Fredi menilai, kolusi antara pejabat dan pihak bank menciptakan rantai penyimpangan yang sistematis, dari perencanaan anggaran, pengendapan dana, hingga penyaluran bunga deposito. 

"Ini bukan sekadar praktik administratif, tetapi sudah menjadi ekonomi rente yang merusak kepercayaan publik," ujarnya.

Ia juga mengkritik pola “parkir dana” menjelang akhir tahun anggaran, yang kerap digunakan untuk memperoleh bunga tinggi dari deposito jangka pendek. Akibatnya, serapan anggaran rendah dan proyek-proyek publik tertunda.

"Uang negara seharusnya berputar di masyarakat, bukan disimpan demi keuntungan pribadi. Saat masyarakat menunggu pembangunan, uangnya malah ‘tidur’ di bank," kata Fredi.

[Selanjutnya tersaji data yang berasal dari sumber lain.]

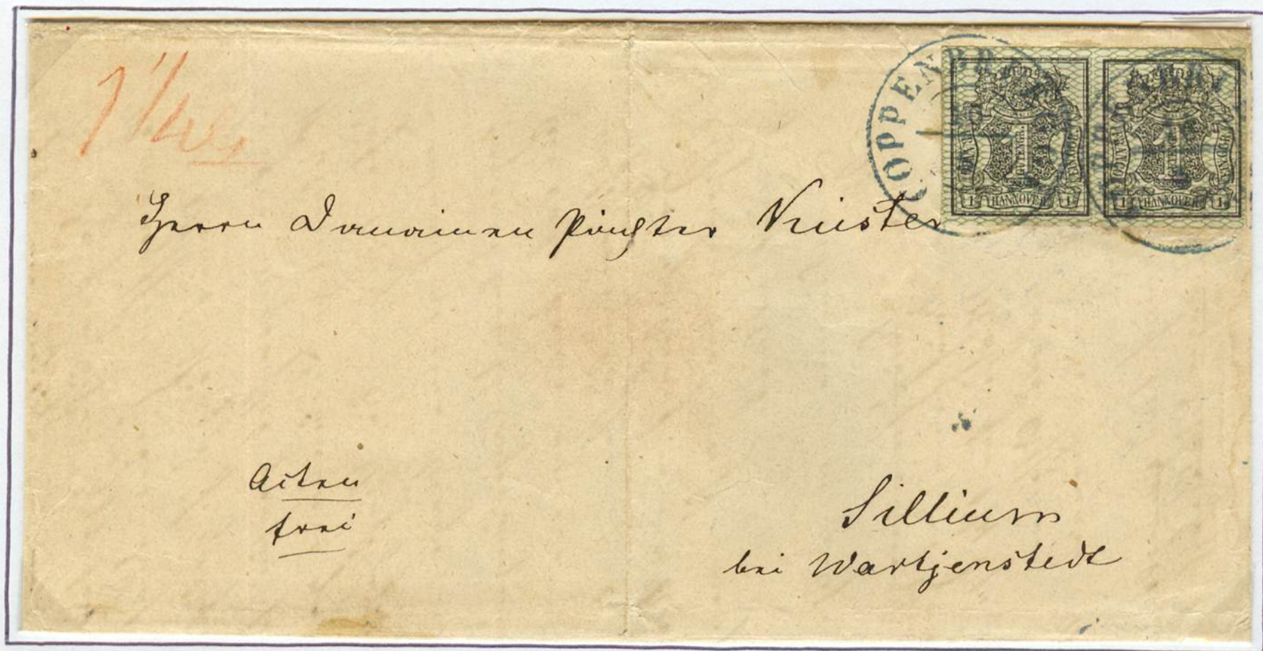
Inlandbrief vom 16. Mai 1857 von Copenbrügge nach Wartjenstedt. Zweikreisstempel von Copenbrügge (nach v.Lenthe II/26). Brief von 1 bis unter 2 Zollloth Gewicht.

Dari sisi regulasi, Fredi menjelaskan bahwa aturan seperti UU Nomor 1 Tahun 2004 tentang Perbendaharaan Negara dan Permendagri Nomor 77 Tahun 2020 sudah menegaskan bahwa bunga hasil deposito harus masuk ke kas negara atau kas daerah. 

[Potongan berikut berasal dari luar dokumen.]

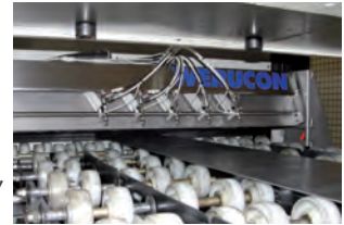
WERUCON® DSS en installation client

Les systèmes WERUCON® de lubrification sans contact sont utilisés dans les domaines de la lubrification de bande, lubrification de flancs, du rivetage et laminage également en entrée de ligne de découpage et emboutissage.

Namun lemahnya pengawasan dan adanya hubungan personal antara pejabat dan pihak bank membuat aturan tersebut sering diabaikan.

Ia mendesak agar pemerintah memperkuat sistem pengelolaan kas tunggal (Treasury Single Account) baik di pusat maupun daerah, agar tidak ada lagi dana publik yang ditempatkan di luar mekanisme resmi.

"Kalau sistem ini berjalan penuh, marketing bank tidak lagi bisa bermain di ruang abu-abu. Semua penempatan uang publik harus transparan, tercatat, dan diaudit secara real time," jelas Fredi.

Di akhir pernyataannya, Fredi menegaskan bahwa moralitas birokrasi menjadi kunci utama reformasi anggaran.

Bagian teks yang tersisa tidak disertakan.